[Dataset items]
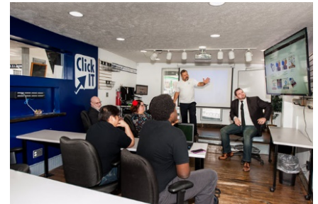
Teaching a class in Our Training Room.
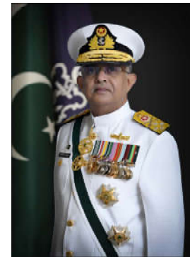
PN Task Group destroyed Indian radar station and shore installations at Dwaraka, establishing uncontested dominance at sea from the very outset of the conflict.

"Today, we pay tributes to the courageous heroes who were audacious in their planning, undaunted in their action and instilled fear in the hearts of our enemy. Pakistan Navy's Operation 'SOMNATH' remains a shining example to this unflinching resolve, as we commemorate this venerable occasion to honour the feats and sacrifices of our brave sentinels of sea, our Navy stands vigilant and unfaltering in its commitment to defend maritime borders and secure our vital sea routes - the lifeblood of our economy."
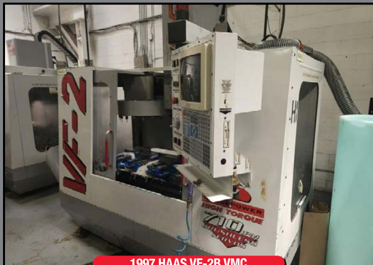
1997 HAAS VF-2B VMC
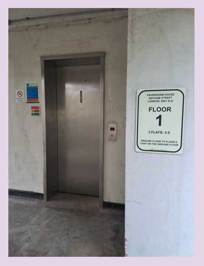
Wayfinding signage at 1-29 Faversham House.

Wayfinding signage is a visual communication tool to assist the Fire and Rescue Service in locating specific flats as they navigate their way round a building.
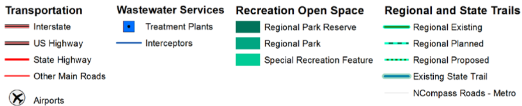
Figure 2: Dakota County Transportation System 2011
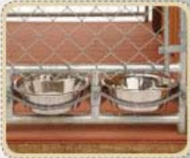
Stainless Steel Feeder Bowls
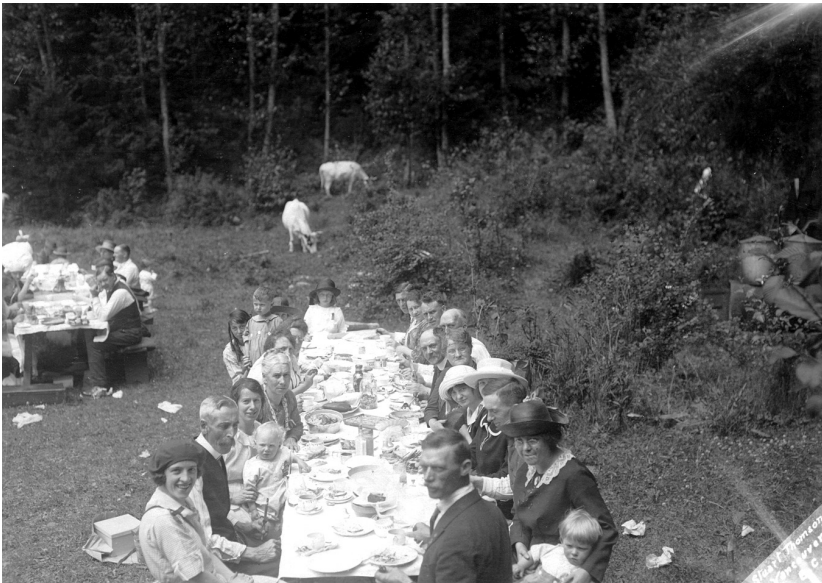
Figure 2. Picnickers and stray cows at the litter-strewn Terminal Steamship Company picnic grounds in Snug Cove, pre-1920.
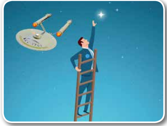
After consulting with some of my very best friends and trusted colleagues, I feel that I've discovered what was and is wrong with my own thinking, and my entire view changed.

Many of you who know me well have noticed a change over the last few years and not necessarily a good one. The more successful Foster Web Marketing became, the more insanely miserable I felt inside.
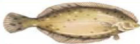
Pleuronectes americanus (winter flounder)
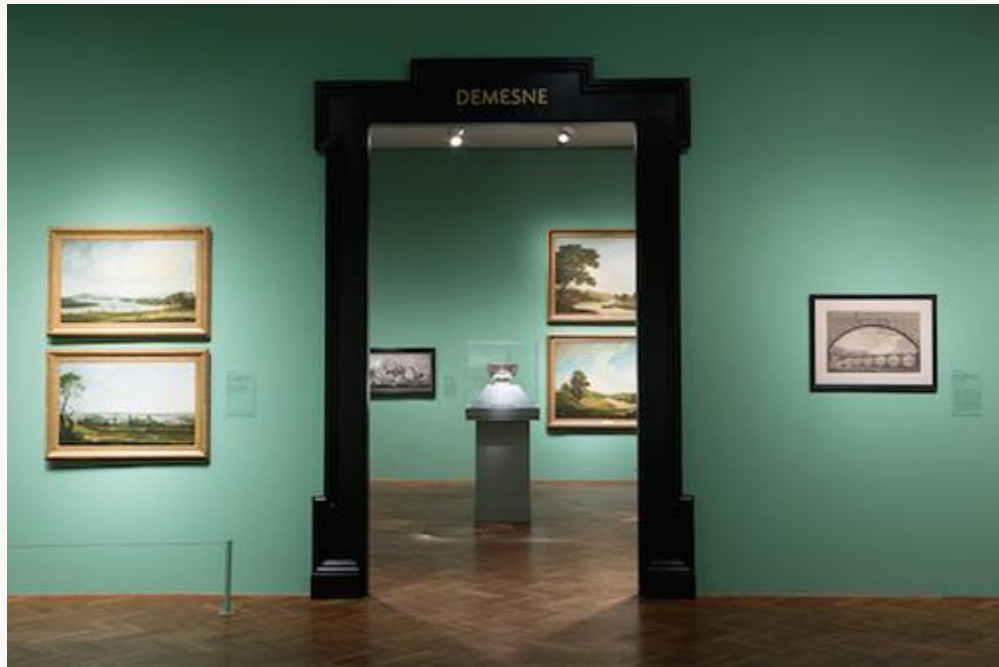
Fig. 32, View of “Demesne” gallery from the “Landscape” gallery. [return to text]
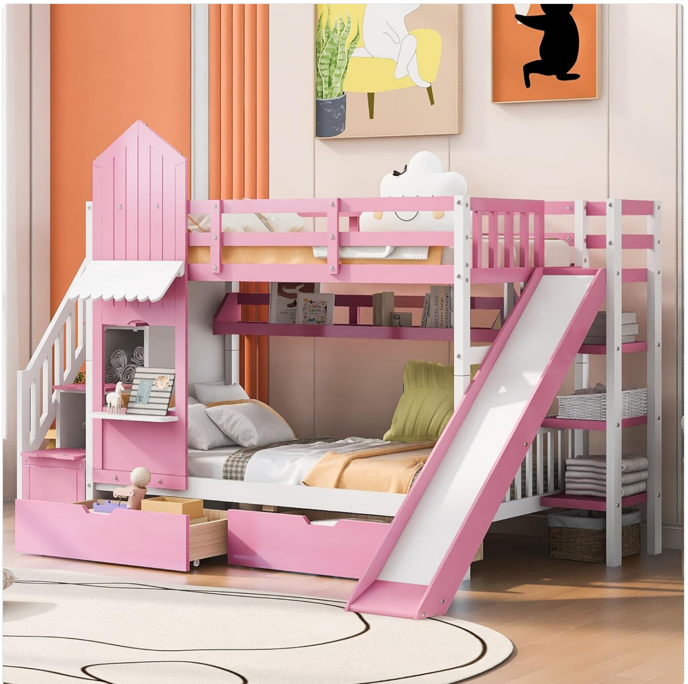
Figure 1: Overall view of the Twin Over Twin Bunk Bed with castle-style design, slide, and integrated storage.
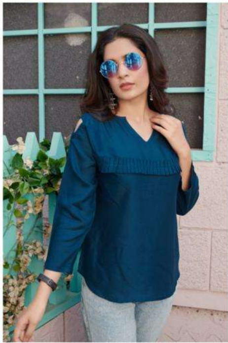
REINCARNATING D E S I R E DESIGNER: KAJRI STYLE REINCARNATING DESIRE D.NO.2001

▶ [What you need to do]:
Extract the entries in full, exactly as they are, minus the pictures.

▶ [Solution below]:
Teaching a class in Our Training Room.
PN Task Group destroyed Indian radar station and shore installations at Dwaraka, establishing uncontested dominance at sea from the very outset of the conflict.

"Today, we pay tributes to the courageous heroes who were audacious in their planning, undaunted in their action and instilled fear in the hearts of our enemy. Pakistan Navy's Operation 'SOMNATH' remains a shining example to this unflinching resolve, as we commemorate this venerable occasion to honour the feats and sacrifices of our brave sentinels of sea, our Navy stands vigilant and unfaltering in its commitment to defend maritime borders and secure our vital sea routes - the lifeblood of our economy."
1997 HAAS VF-2B VMC
Wayfinding signage at 1-29 Faversham House.

Wayfinding signage is a visual communication tool to assist the Fire and Rescue Service in locating specific flats as they navigate their way round a building.
Figure 2: Dakota County Transportation System 2011
Stainless Steel Feeder Bowls
Figure 2. Picnickers and stray cows at the litter-strewn Terminal Steamship Company picnic grounds in Snug Cove, pre-1920.
After consulting with some of my very best friends and trusted colleagues, I feel that I've discovered what was and is wrong with my own thinking, and my entire view changed.

Many of you who know me well have noticed a change over the last few years and not necessarily a good one. The more successful Foster Web Marketing became, the more insanely miserable I felt inside.
Pleuronectes americanus (winter flounder)
Fig. 32, View of “Demesne” gallery from the “Landscape” gallery. [return to text]
Figure 1: Overall view of the Twin Over Twin Bunk Bed with castle-style design, slide, and integrated storage.
REINCARNATING D E S I R E DESIGNER: KAJRI STYLE REINCARNATING DESIRE D.NO.2001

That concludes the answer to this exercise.